La pena da scontare, vista la situazione dietro le sbarre, è una pena nella pena, ma diventa insopportabile quando si è innocenti. Defilippi ha curato diversi ricorsi e revisioni: un altra magagna italiana è l’errore giudiziario. Un virus molto più diffuso di quanto si possa pensare. Giuseppe Tinelli, il signore di Taranto detenuto a Torino, è stato condannato all’ergastolo per 2 omicidi che non ha commesso. Ha già scontato 15 anni. Vincenzo Faiuolo, il tarantino detenuto a Volterra, si è preso 25 anni, per un omicidio, il suo fratellastro 11 anni. In questo affaire sono coinvolte 8 persone a cui sono stati attribuiti 4 omicidi: tutti innocenti. “Non ci sono prove contro di loro, solo la confessione che gli è stata estorta, perché abbiamo un sistema medievale. Se c’è una confessione deve essere verificata attentamente”.

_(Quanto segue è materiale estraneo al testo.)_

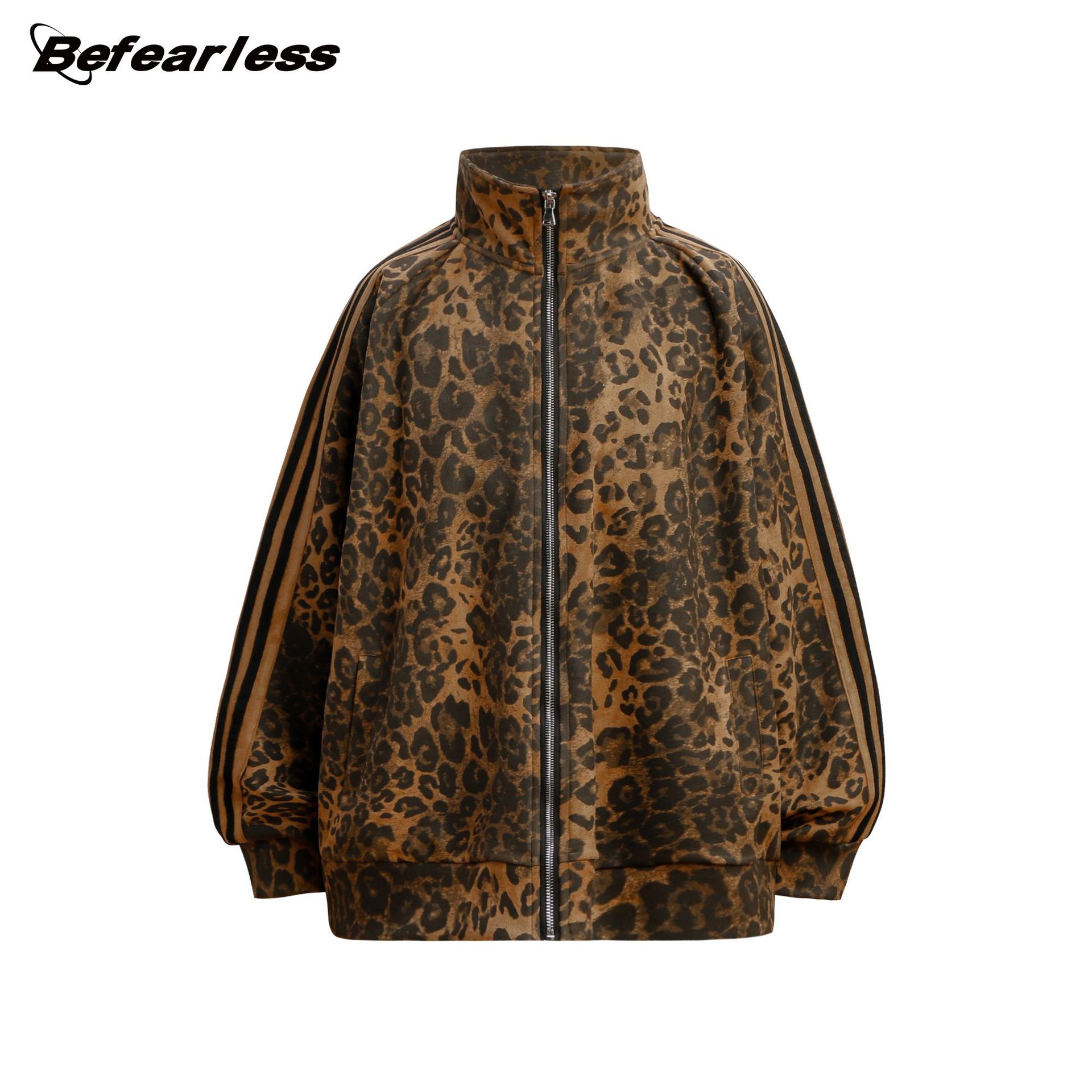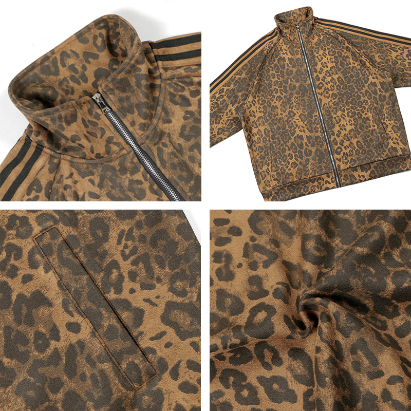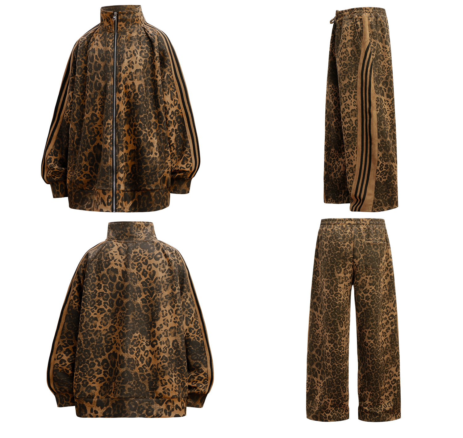 Leopard Design Stand Neck Zipper Jacket & Wide Leg Pants Setup WN18570

Invece, “ho montagne di prove della colpevolezza di Ben Mohamed Ezzedine Sebai”, il serial killer delle vecchiette: ha confessato 14 omicidi, commessi in Puglia tra il 1995 e il 1997. La quindicesima vittima si è salvata e l’ha riconosciuto. Ma non è bastato e la Procura di Taranto “non ha considerato Sebai attendibile”. Nel frattempo, Sebai è morto in carcere, “non è suicidio, l’hanno ucciso e la sua morte è un mistero. Non abbiamo mai potuto ascoltarlo”. Così sulla testa di Tinelli, Faiuolo e soci continuano a pendere 4 di quegli omicidi.

“Abbiamo una situazione draconiana: l’ergastolo è una pena inumana”, mentre “la pena deve essere sempre umana, lo dice anche la Costituzione”. E se all’ergastolo ci fosse un innocente, come Tinelli? In Italia esiste la revisione “ma non funziona: c’è questa paura di mettere una patacca sulla toga dei magistrati. Ma già ce l’hanno, la patacca”. E si scaglia contro il 41bis. Non discute sul fatto che lo Stato debba difendersi contro il crimine organizzato ma “portare una persona alla pazzia, rinchiudendola da sola in una stanza, non è uno Stato civile”.